_Problem_
Output exactly the lines below from the one containing "침구 4종 세트, 단색" to the last line, both included. Omit pictures.

_Information provided_

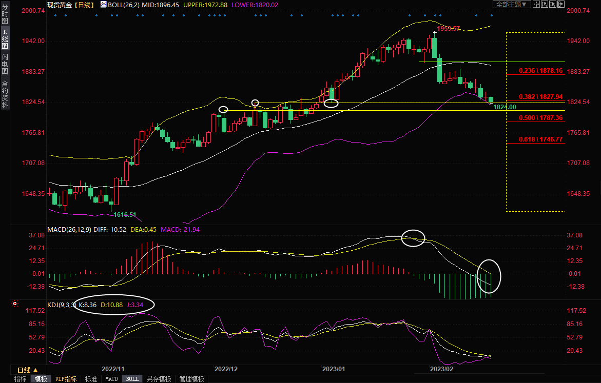 汇通财经APP讯——周五(2月17日)亚洲时段,现货黄金震荡走弱,一度刷新1月3日以来新低至1824美元/盎司,目前交投于1827.20附近,多个强劲的美国重磅经济数据后,对美联储更高的终端利率预期笼罩市场,美元和美债收益率持续攀高,对金价打压明显。技术面看空信号进一步增强,金价短线面临进一步下行风险。
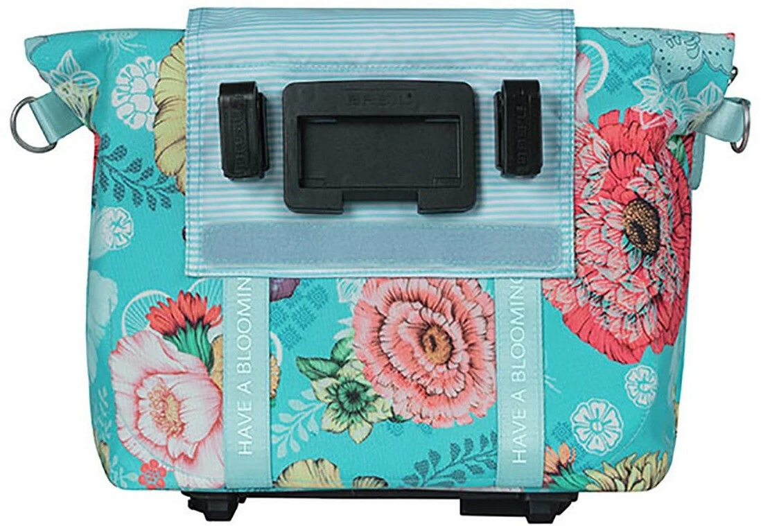 Du får en iøjnefaldende cykelhåndtaske, når du vælger Basil Bloom Field MIK! Tasken er lavet af genbrugsplast og har et håndmalet blomsterprint. Trods taskens kompakte størrelse er der stadig plads nok til at medbringe ting som nøgler, pung og mobiltelefon. Hovedrummet har en polstret lomme til en tablet. Tasken er også helt vandtæt, så du kan holde dine værdigenstande tørre, når du tager dem med dig.
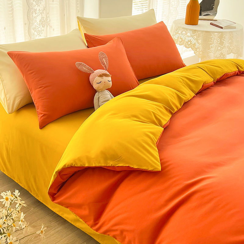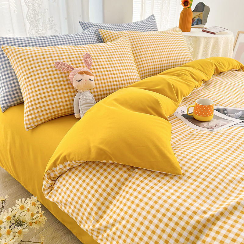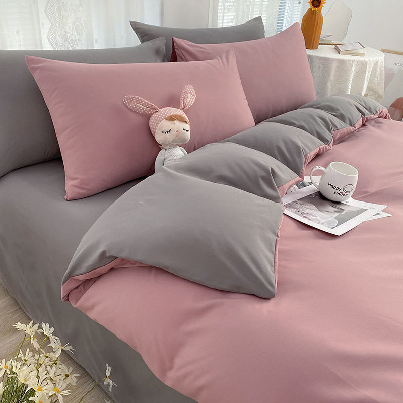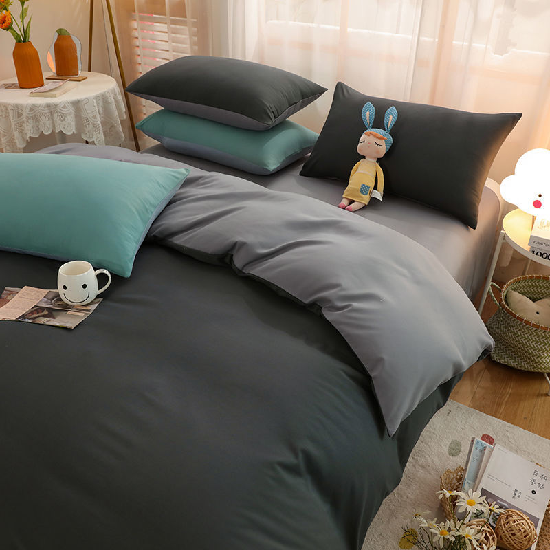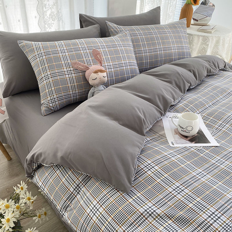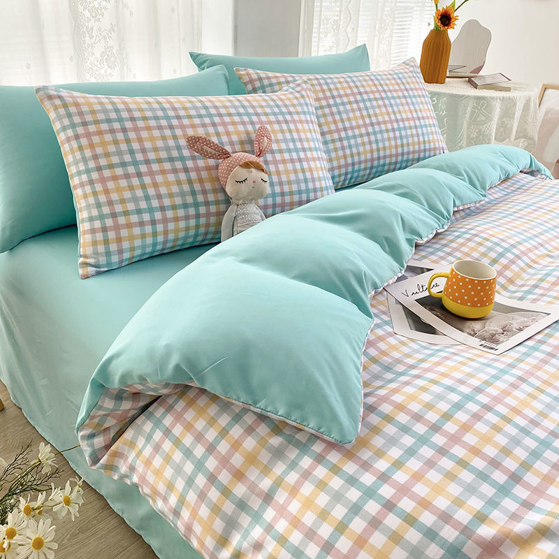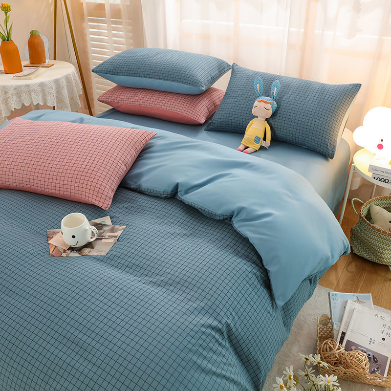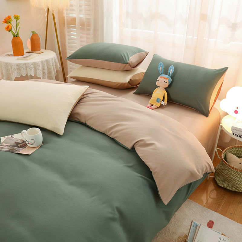 침구 4종 세트, 단색 워싱면 침대 시트, 학생용 3종 세트, 기숙사 단색, 작고 산뜻함
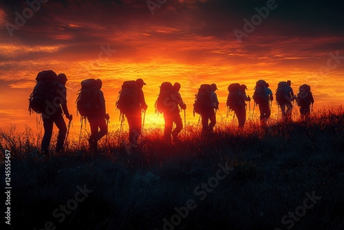 Silhouetted Hikers Against Glowing Sunset in Mountains

_Answer box_
 침구 4종 세트, 단색 워싱면 침대 시트, 학생용 3종 세트, 기숙사 단색, 작고 산뜻함
 Silhouetted Hikers Against Glowing Sunset in Mountains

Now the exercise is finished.